Portugal’s Leader Won’t Soften Austerity

Portuguese Prime Minister Pedro Passos Coelho vowed to push ahead with the government‘s plan to revamp the small country‘s economy despite calls from opposition lawmakers to renegotiate terms of its €78 billion ($97 billion) bailout.

“The big objectives that the government committed to will not be softened,” Mr. Passos Coelho told parliament in a state-of-the-country address.

However, he acknowledged the country’s fiscal adjustment is “challenging” due to an increase in unemployment that has forced the government to spend more on social benefits and receive less from tax revenue.

Portugal‘s jobless rate has risen more than expected, and is currently at 15.2%.

Official budget deficit figures released last month showed that the first-quarter budget deficit increased to 7.9% of gross domestic product, from 7.5% for the year-earlier period.

The budget deficit target for this year is 4.5%.

“We will act with determination to fulfill the set budget goals,” Mr. Passos Coelho said.

His comments were directed at main opposition leader António José Seguro of the Socialist Party, who said Mr. Passos Coelho’s austerity measures are killing the country’s economy.

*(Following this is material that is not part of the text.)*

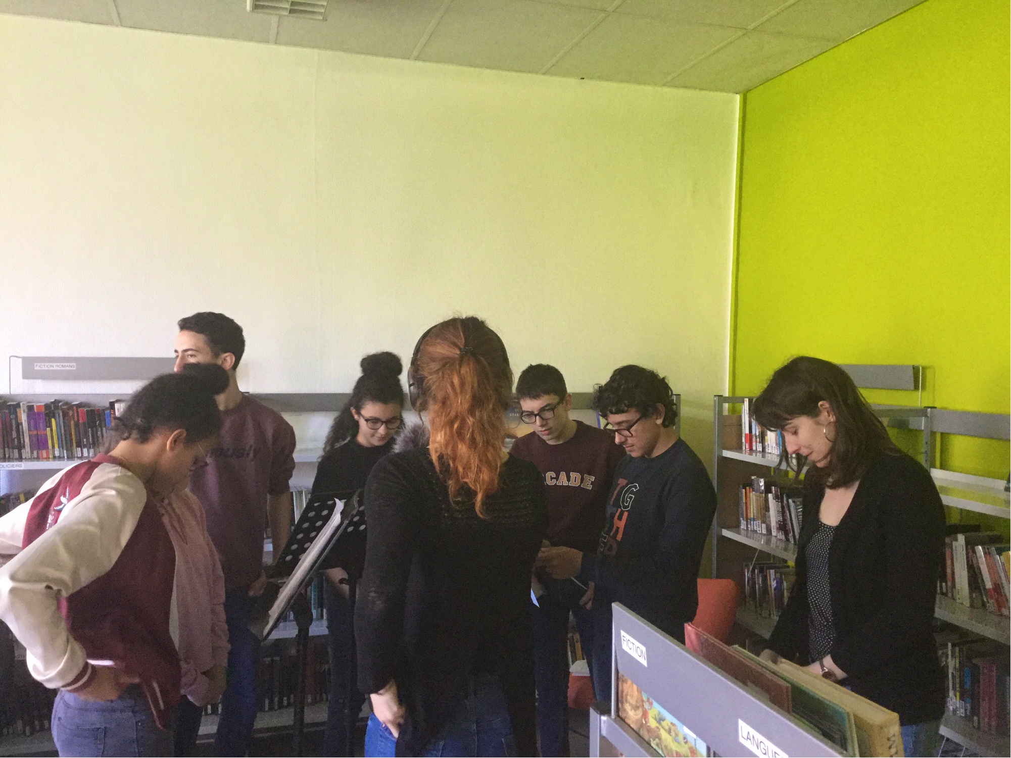 l’équipe des acteurs en plein enregistrement |

“Come back to Earth, Mr. Prime Minister, and speak about the real life. The country is going from bad to worse,” Mr. Seguro said.

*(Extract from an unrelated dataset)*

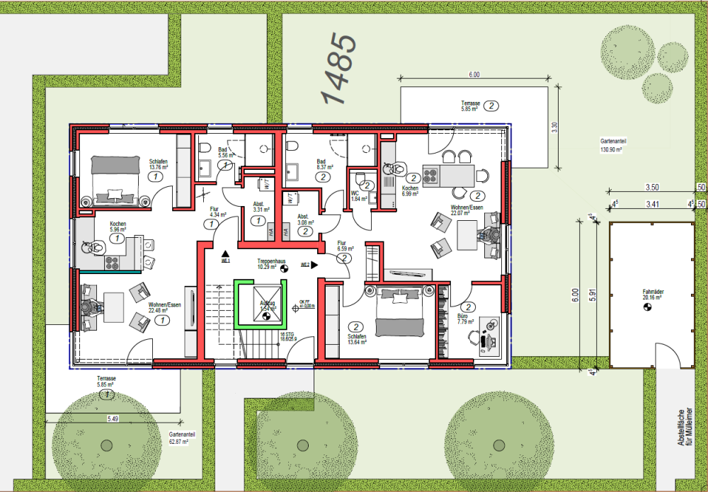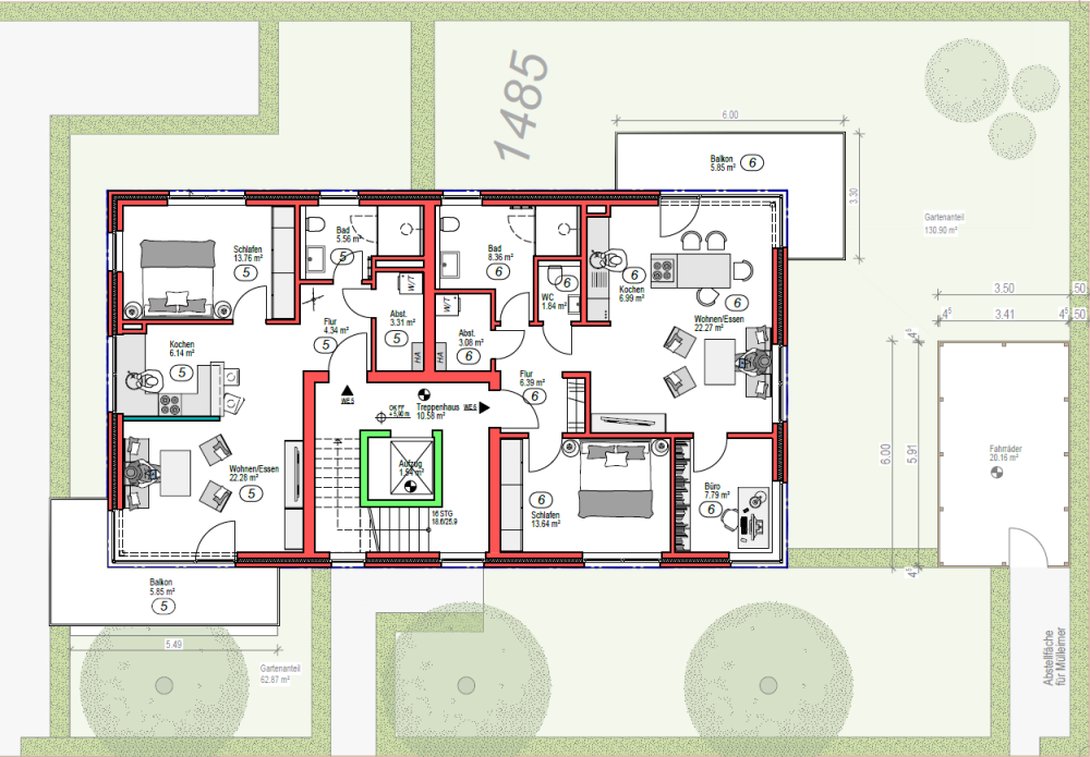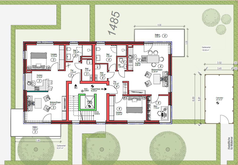 | Schlafen: | 13,76 m² | 13,64 m² | Gast: | 17,39 m² |

The debate in parliament coincided with the start of a two-day national strike by hospital doctors who are protesting against measures being taken by the government to cut expenses in the health sector.

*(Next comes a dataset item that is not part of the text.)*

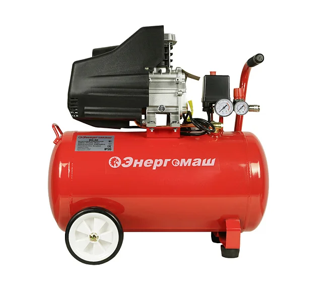 Энергомаш ВК-50 – универсальный поршневой масляный компрессор – рассчитан на широкую область применения и идеально подходит для работы с различными видами пневматического инструмента с рабочим давлением не более 8 бар. Модель имеет 50 литровый ресивер и характеризуется умеренными габаритными размерами и относительно небольшим весом, благодаря чему удобна в хранении и транспортировке. Максимальная производительность агрегата составляет 210 л / мин – этого вполне достаточно для использования продувочного пистолета, небольшого гайковерта или краскопульта. Компрессор оснащен надежным двигателем мощностью 1,5 кВт и одноцилиндровым компрессорным блоком из литого чугуна, что способствует его высокому ресурсу. Предусмотрена защита от перегрева и перегрузки. Для защиты двигателя и его лучшего охлаждения на модели установлен специальный защитный кожух. Привод компрессорного блока – прямой (коаксиальный), непосредственно от вала двигателя – это упрощает конструкцию и делает ее более компактной. Компрессор прост в эксплуатации и обслуживании: все органы управления и контроля рабочего процесса скомпонованы в единый блок и находятся на виду: пара манометров для контроля давления в ресивере и магистрали, прессостат (регулятор контроля давления) с выключателем, клапан для сброса давления. При необходимости с помощью крана-регулятора пользователем может производиться настройка оптимального выходного давления в магистрали. На дне ресивера установлен дренажный клапан для слива конденсата. Мобильность перемещения модели обеспечивается наличием транспортировочных колес и рукояти.

The health ministry last month announced that it will use third-party companies to hire doctors to fill 2.5 million hours of service at the lowest price available

“The policies being developed by the health ministry, using the current crisis as excuse, have been responsible for cuts without any attention to the quality of health care,” the two unions that called the strike said in a joint statement on Wednesday.